What is needed. The reply should hold every record, copied exactly, and none of the pictures.

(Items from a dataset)
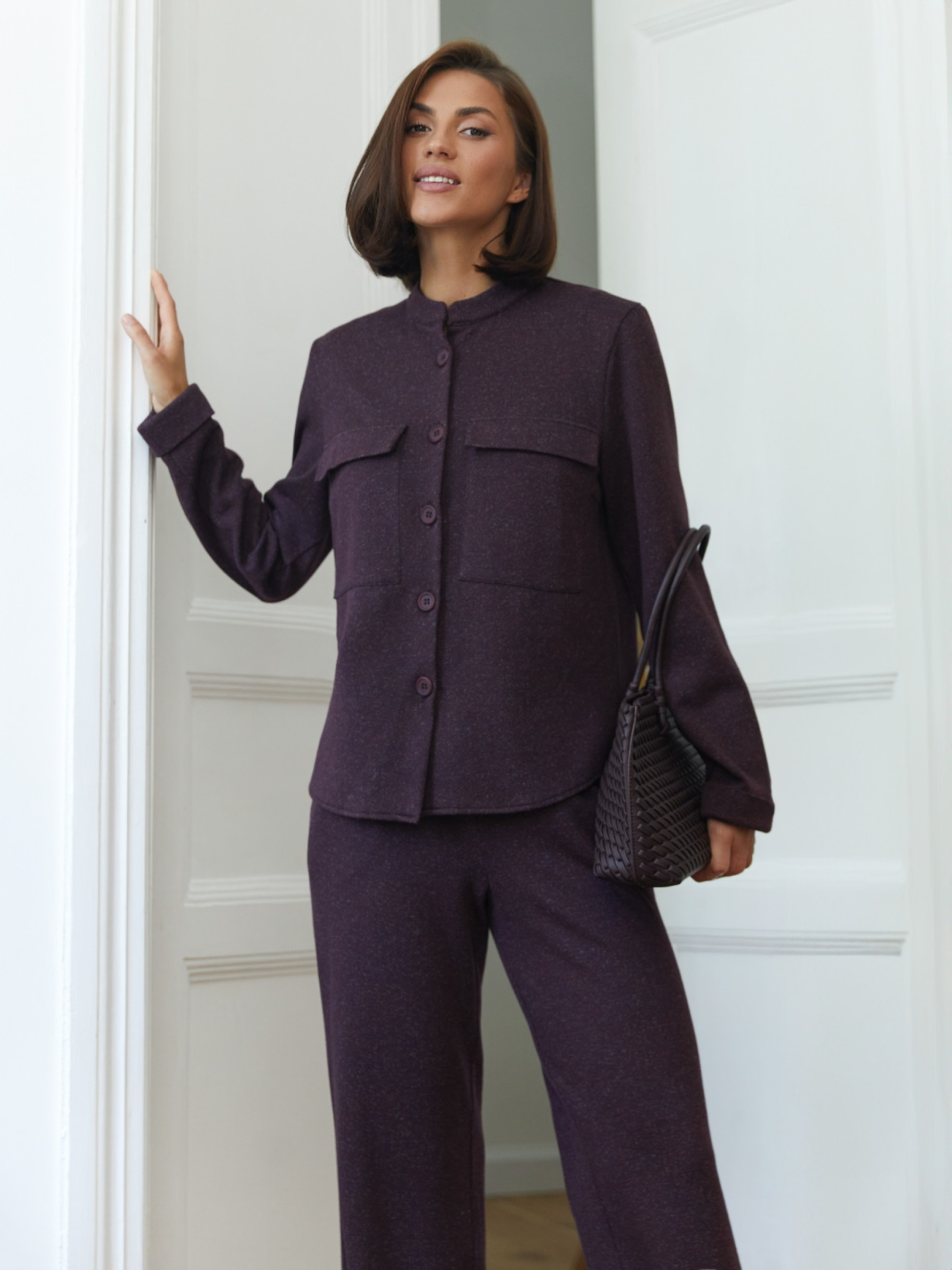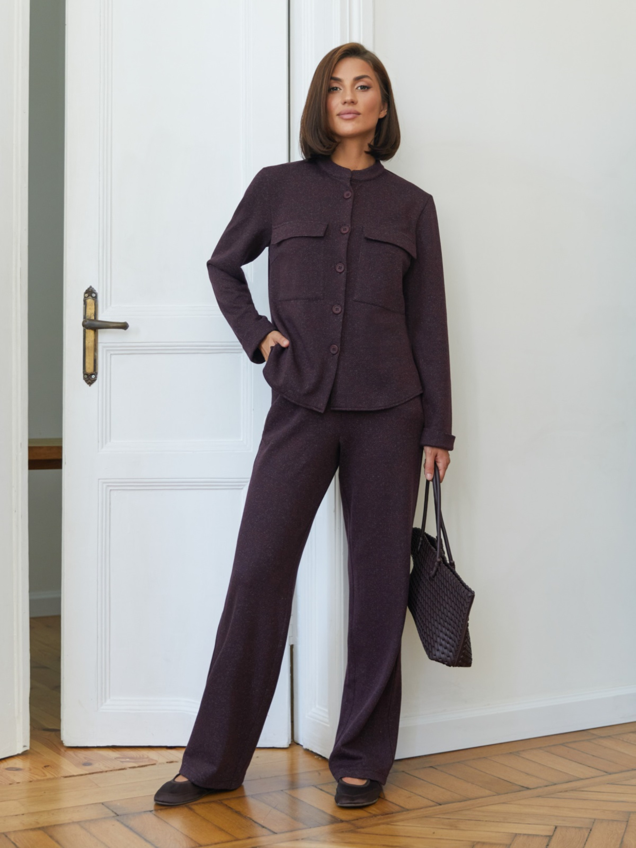 Костюм-двійка з м'якого та приємного до тіла турецького трикотажу. Жакет прямого крою, злегка подовжений, з коміром-стійкою та довгими рукавами. На поличці накладні кишені із клапанами. Застібка на ґудзики. Штани прямого силуету з еластичною талією для комфортної посадки. Доповнені прорізними кишенями.
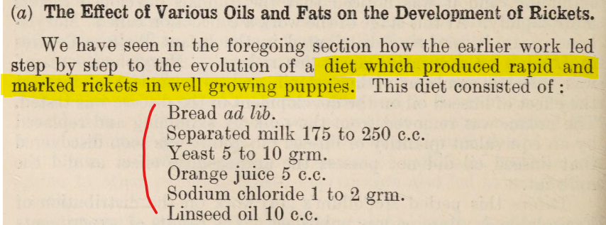 His studies claimed if cod liver oil, suet, or meat in large quantities was given to the puppies, they would not develop rickets. I have no way to verify if this was true, but that’s what he claimed; all that was missing from a dog’s diet of bread was some cod liver oil - with this single substance, taken from a fish who lives 600 meters deep, the dog would be in pristine health (sounds pretty damn sketchy if you ask me, but I can’t disprove it.)
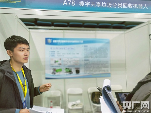 樓宇共享垃圾分類回收機器人是來自中國農(nóng)業(yè)大學(xué)張自超團(tuán)隊的此次參賽作品!爱a(chǎn)品要立足實際用處,才能有更多意義!彼榻B,在產(chǎn)品的前期設(shè)計中,團(tuán)隊探討了不少方案,最終在今年年初確定了垃圾分類回收的方向,目前已在學(xué)校進(jìn)行了實驗使用!渡虾J猩罾芾項l例》實施后,張自超團(tuán)隊更對項目充滿信心:“我們的方向?qū)α,很興奮!
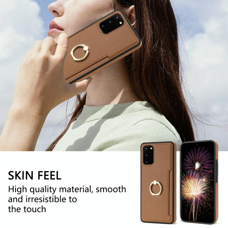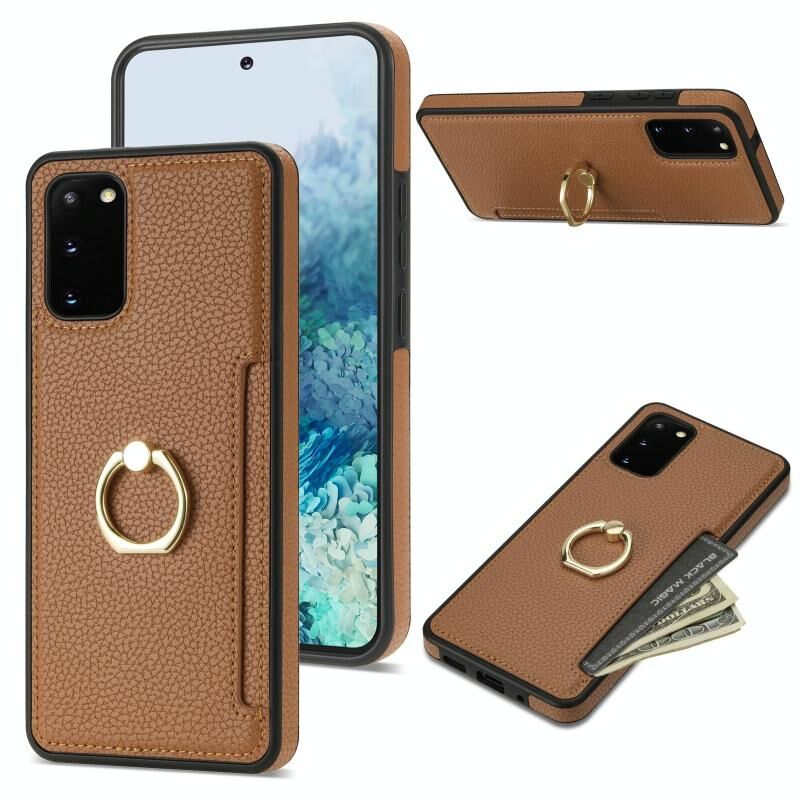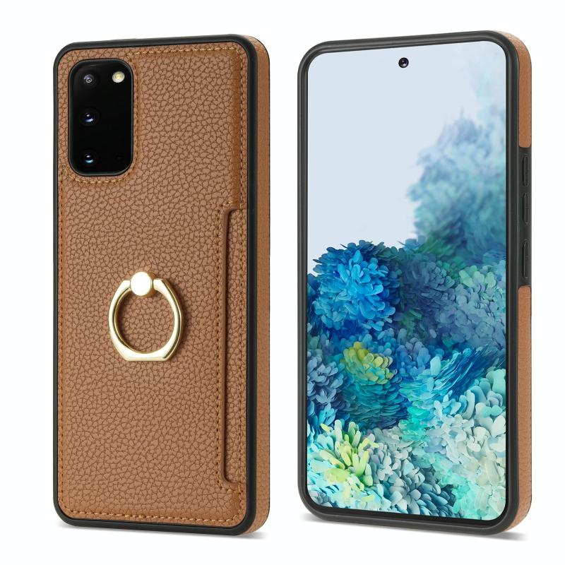For Samsung Galaxy S20+ Ring Card Litchi Leather Back Phone Case(Brown)
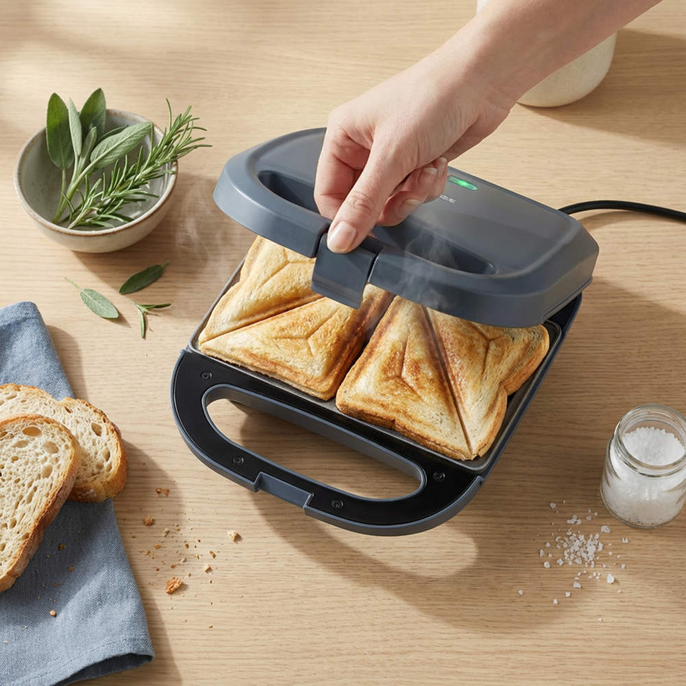Prepare quick and easy toasted sandwiches at home with this 2-slice sandwich maker, ideal for lunches, snacks or light meals, helping you cook evenly filled toasties with minimal effort and everyday convenience.
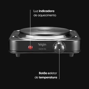 1000W de potência, Aquece rapidamente e mantém a temperatura estável, Controle de temperatura ajustável, Portátil e compacto, Base antiderrapante, Fácil de limpar, Compatível com diversos tipos de panelas.Lâmpada piloto
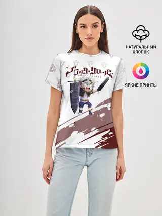 Женская базовая футболка / Аста кричит с мечом Чёрный клевер
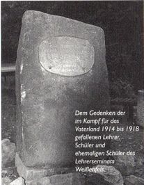 Straße, stand ein Gedenkstein, der eine Tafel mit den Namen ehemaliger Seminarangehöriger trug. Die Tafel
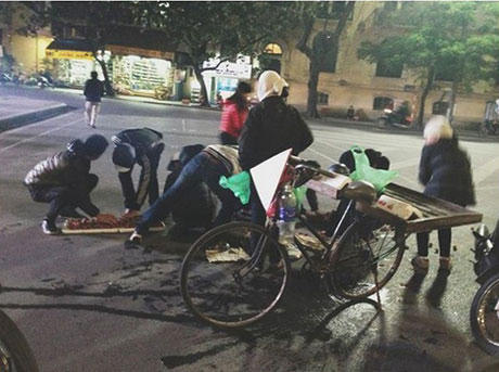 Bức ảnh người dân Hà Nội giúp chị bán hàng rong nhặt những quả dâu tây bị đổ trên đường sau một vụ va chạm xe được cư dân mạng lan truyền từ đêm ngày 23/12.
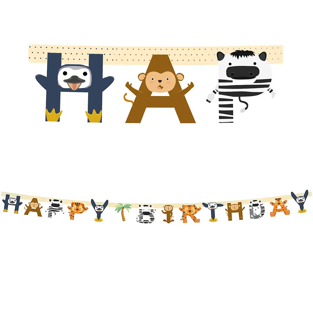 Tento veselý a barevný narozeninový banner s motivem zvířat je ideální volbou, pokud chcete mít veselou atmosféru s tématem zvířat na narozeninové oslavě! Nápis "Happy Birthday" je zdoben roztomilými džunglovými a savanovými zvířaty – včetně tučňáka, opice, zebry, tygra a mnoha dalších přátelských postaviček, které si děti určitě zamilují.
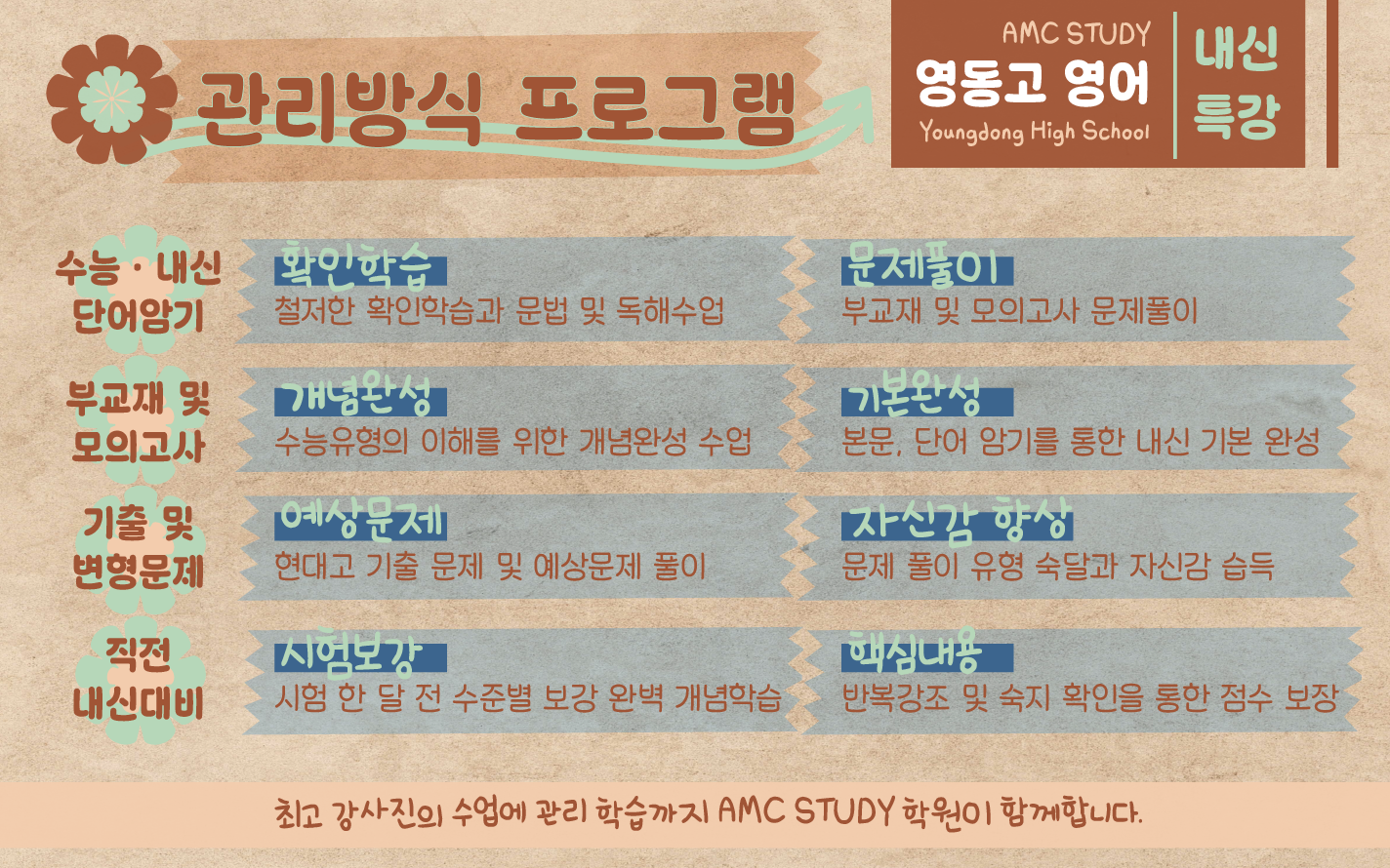 해야만 점수가 오를 수 있습니다. 저희 AMC 영동고 영어 내신 특강은 학생 개개인의 수준과
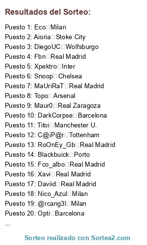 Lista de participantes: Nacho Fiorentina, Blackbuick Porto, Fx Chelsea, Opti Barcelona, Dreyko Chelsea, C@iP@r Tottenham, Xpektro Inter, Ibisevic19 Chelsea, JL Chelsea, Scofield Real Madrid, Darkoxz PSG, DiegoUC Wolfsburgo, Jona Inter, RoOnEy_Gb Real Madrid, Xavi Real Madrid, Eco Milan, Kezon Real Madrid, Kendo Manchester City, -AxO- Manchester U., Fbn Real Madrid, Daviid Real Madrid, Maur0 Real Zaragoza, Camilo! Real Madrid, DarkCorpse Barcelona, Topo Arsenal, Snoop Chelsea, Fco_albo Real Madrid, Sebas Milan, PoC-hugo Liverpool, ockeside Manchester U., XunXoOThebesT Barcelona, Aioria Stoke City, mariov16 Real Madrid, MaUriRaT Real Madrid, CrozZ Real Madrid, Alvarilloh Barcelona, Negro_T__T Chelsea, socram Real Madrid, Steeban, Nico_Azul Milan, SkYLiNe Manchester U., Tutto Chelsea, Titoi Manchester U., jaymz, Adrian Milan, Tatann Real Madrid, Monipo Arsenal, @rcang3l Milan.
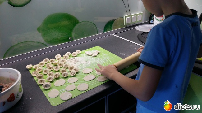 И сегодня делала руками пельмешки и Егорка немного помогал
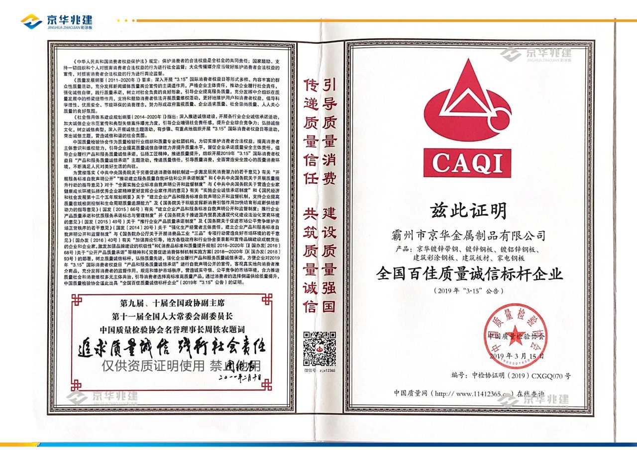霸州京華金屬制品有限公司作為一家專業(yè)生產(chǎn)冷軋帶鋼、鍍鋅帶鋼、鋅鋁鎂帶鋼、冷軋鋼板、鍍鋁鋅鋼板、彩涂鋼板的現(xiàn)代化民營企業(yè),自創(chuàng)立以來,始終堅持創(chuàng)新,不斷擴(kuò)大生產(chǎn)規(guī)模,通過了質(zhì)量管理體系ISO9001認(rèn)證、歐盟CE認(rèn)證等多項權(quán)威認(rèn)證,且榮獲了“全國百佳質(zhì)量誠信標(biāo)桿企業(yè)”、“中國建材企業(yè)50強(qiáng)”、“重合同守信用企業(yè)”等多項榮譽(yù)。
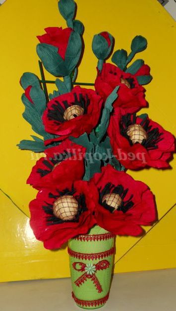 Мета: виготовлення композиції з маків з використанням креповой папери.

Task answer.
 Костюм-двійка з м'якого та приємного до тіла турецького трикотажу. Жакет прямого крою, злегка подовжений, з коміром-стійкою та довгими рукавами. На поличці накладні кишені із клапанами. Застібка на ґудзики. Штани прямого силуету з еластичною талією для комфортної посадки. Доповнені прорізними кишенями.
 His studies claimed if cod liver oil, suet, or meat in large quantities was given to the puppies, they would not develop rickets. I have no way to verify if this was true, but that’s what he claimed; all that was missing from a dog’s diet of bread was some cod liver oil - with this single substance, taken from a fish who lives 600 meters deep, the dog would be in pristine health (sounds pretty damn sketchy if you ask me, but I can’t disprove it.)
 樓宇共享垃圾分類回收機器人是來自中國農(nóng)業(yè)大學(xué)張自超團(tuán)隊的此次參賽作品!爱a(chǎn)品要立足實際用處,才能有更多意義!彼榻B,在產(chǎn)品的前期設(shè)計中,團(tuán)隊探討了不少方案,最終在今年年初確定了垃圾分類回收的方向,目前已在學(xué)校進(jìn)行了實驗使用!渡虾J猩罾芾項l例》實施后,張自超團(tuán)隊更對項目充滿信心:“我們的方向?qū)α,很興奮!
For Samsung Galaxy S20+ Ring Card Litchi Leather Back Phone Case(Brown)
Prepare quick and easy toasted sandwiches at home with this 2-slice sandwich maker, ideal for lunches, snacks or light meals, helping you cook evenly filled toasties with minimal effort and everyday convenience.
 1000W de potência, Aquece rapidamente e mantém a temperatura estável, Controle de temperatura ajustável, Portátil e compacto, Base antiderrapante, Fácil de limpar, Compatível com diversos tipos de panelas.Lâmpada piloto
 Женская базовая футболка / Аста кричит с мечом Чёрный клевер
 Straße, stand ein Gedenkstein, der eine Tafel mit den Namen ehemaliger Seminarangehöriger trug. Die Tafel
 Bức ảnh người dân Hà Nội giúp chị bán hàng rong nhặt những quả dâu tây bị đổ trên đường sau một vụ va chạm xe được cư dân mạng lan truyền từ đêm ngày 23/12.
 Tento veselý a barevný narozeninový banner s motivem zvířat je ideální volbou, pokud chcete mít veselou atmosféru s tématem zvířat na narozeninové oslavě! Nápis "Happy Birthday" je zdoben roztomilými džunglovými a savanovými zvířaty – včetně tučňáka, opice, zebry, tygra a mnoha dalších přátelských postaviček, které si děti určitě zamilují.
 해야만 점수가 오를 수 있습니다. 저희 AMC 영동고 영어 내신 특강은 학생 개개인의 수준과
 Lista de participantes: Nacho Fiorentina, Blackbuick Porto, Fx Chelsea, Opti Barcelona, Dreyko Chelsea, C@iP@r Tottenham, Xpektro Inter, Ibisevic19 Chelsea, JL Chelsea, Scofield Real Madrid, Darkoxz PSG, DiegoUC Wolfsburgo, Jona Inter, RoOnEy_Gb Real Madrid, Xavi Real Madrid, Eco Milan, Kezon Real Madrid, Kendo Manchester City, -AxO- Manchester U., Fbn Real Madrid, Daviid Real Madrid, Maur0 Real Zaragoza, Camilo! Real Madrid, DarkCorpse Barcelona, Topo Arsenal, Snoop Chelsea, Fco_albo Real Madrid, Sebas Milan, PoC-hugo Liverpool, ockeside Manchester U., XunXoOThebesT Barcelona, Aioria Stoke City, mariov16 Real Madrid, MaUriRaT Real Madrid, CrozZ Real Madrid, Alvarilloh Barcelona, Negro_T__T Chelsea, socram Real Madrid, Steeban, Nico_Azul Milan, SkYLiNe Manchester U., Tutto Chelsea, Titoi Manchester U., jaymz, Adrian Milan, Tatann Real Madrid, Monipo Arsenal, @rcang3l Milan.
 И сегодня делала руками пельмешки и Егорка немного помогал
霸州京華金屬制品有限公司作為一家專業(yè)生產(chǎn)冷軋帶鋼、鍍鋅帶鋼、鋅鋁鎂帶鋼、冷軋鋼板、鍍鋁鋅鋼板、彩涂鋼板的現(xiàn)代化民營企業(yè),自創(chuàng)立以來,始終堅持創(chuàng)新,不斷擴(kuò)大生產(chǎn)規(guī)模,通過了質(zhì)量管理體系ISO9001認(rèn)證、歐盟CE認(rèn)證等多項權(quán)威認(rèn)證,且榮獲了“全國百佳質(zhì)量誠信標(biāo)桿企業(yè)”、“中國建材企業(yè)50強(qiáng)”、“重合同守信用企業(yè)”等多項榮譽(yù)。
 Мета: виготовлення композиції з маків з використанням креповой папери.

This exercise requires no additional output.